## Dataset excerpts
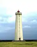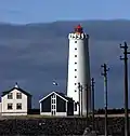 | Garðskagaviti (1944) | L4480 | Suðurnes | 1944 | 27 m (89 ft) | 10 m (33 ft) | White conical tower, red lantern house. | Active | ![]() |
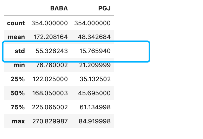 在上图中,阿里的股价的标准差远大于金龙指数,也可在此验证我们的判断,作为一个一支稳定收益基金,其首先要做的是分散风险,即降低对高波动性股票的持有量,增加低波动性股票的仓位。
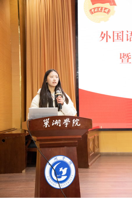 2024級商務英語專業代婉兒同學代表團學組織新生干事發言,她表示自己在學院青協收獲頗多,在合肥八院陪醫護診、崗嶺社區英語角、校園清掃志愿服務等活動中,體驗到樂于助人的樂趣,各方面能力都得到全面提升。
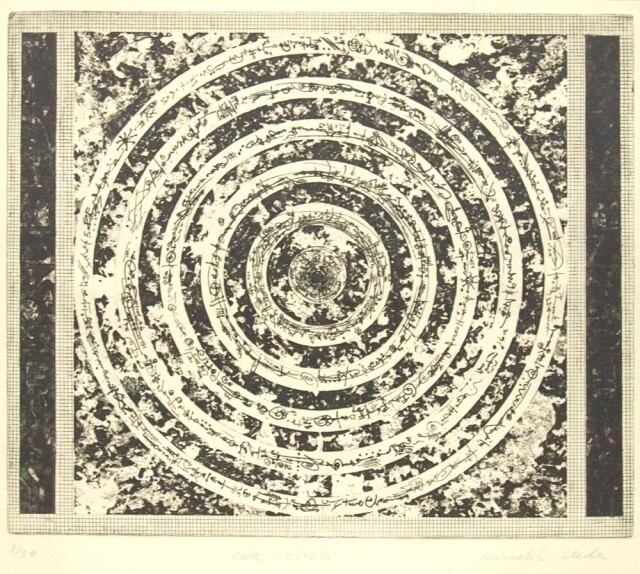 混沌とした空間をディープエッチングで、その中の様々な要素を文字のようなモチーフで表現しています。
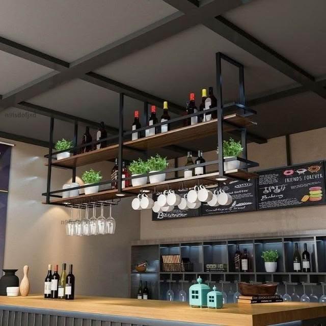工業風實木吊架 置物架 吧檯酒吧廚房懸掛墻上壁掛收納架酒杯酒架 鐵藝置物架 酒杯架 展示架
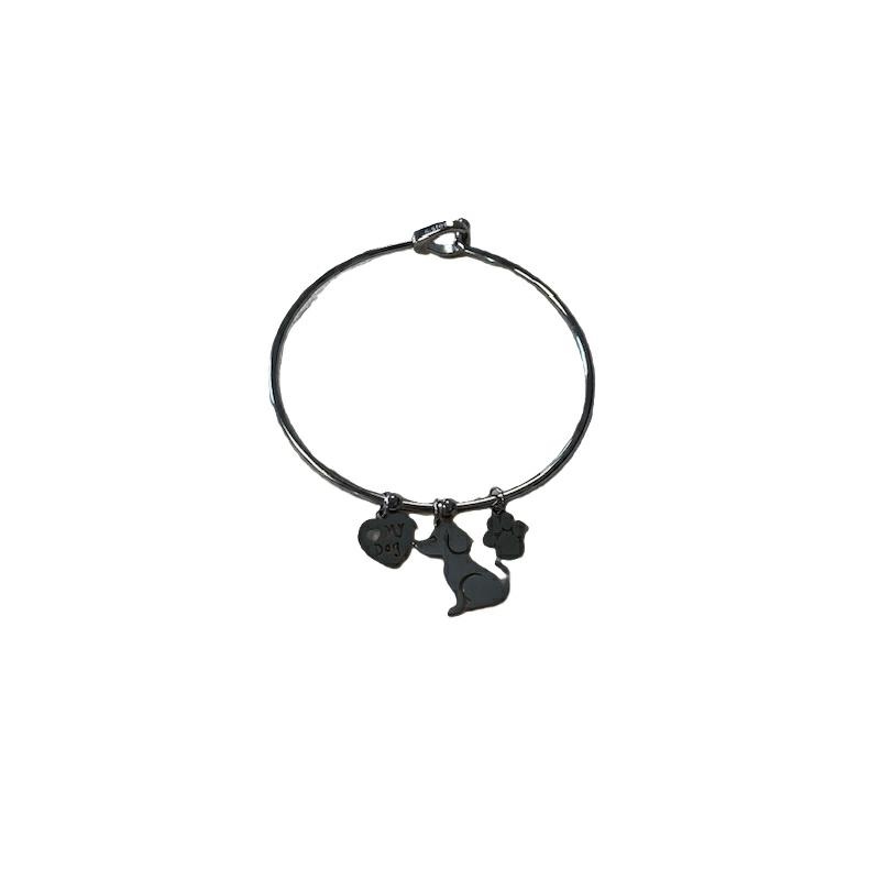 Bracciale silver cane,zampa e cuore My dog e chiusura a goccia

## What the exercise asks
Keep every word of the lines above unchanged in the copy, and omit the pictures.

## Worked solution
 | Garðskagaviti (1944) | L4480 | Suðurnes | 1944 | 27 m (89 ft) | 10 m (33 ft) | White conical tower, red lantern house. | Active | ![]() |
 在上图中,阿里的股价的标准差远大于金龙指数,也可在此验证我们的判断,作为一个一支稳定收益基金,其首先要做的是分散风险,即降低对高波动性股票的持有量,增加低波动性股票的仓位。
 2024級商務英語專業代婉兒同學代表團學組織新生干事發言,她表示自己在學院青協收獲頗多,在合肥八院陪醫護診、崗嶺社區英語角、校園清掃志愿服務等活動中,體驗到樂于助人的樂趣,各方面能力都得到全面提升。
 混沌とした空間をディープエッチングで、その中の様々な要素を文字のようなモチーフで表現しています。
工業風實木吊架 置物架 吧檯酒吧廚房懸掛墻上壁掛收納架酒杯酒架 鐵藝置物架 酒杯架 展示架
 Bracciale silver cane,zampa e cuore My dog e chiusura a goccia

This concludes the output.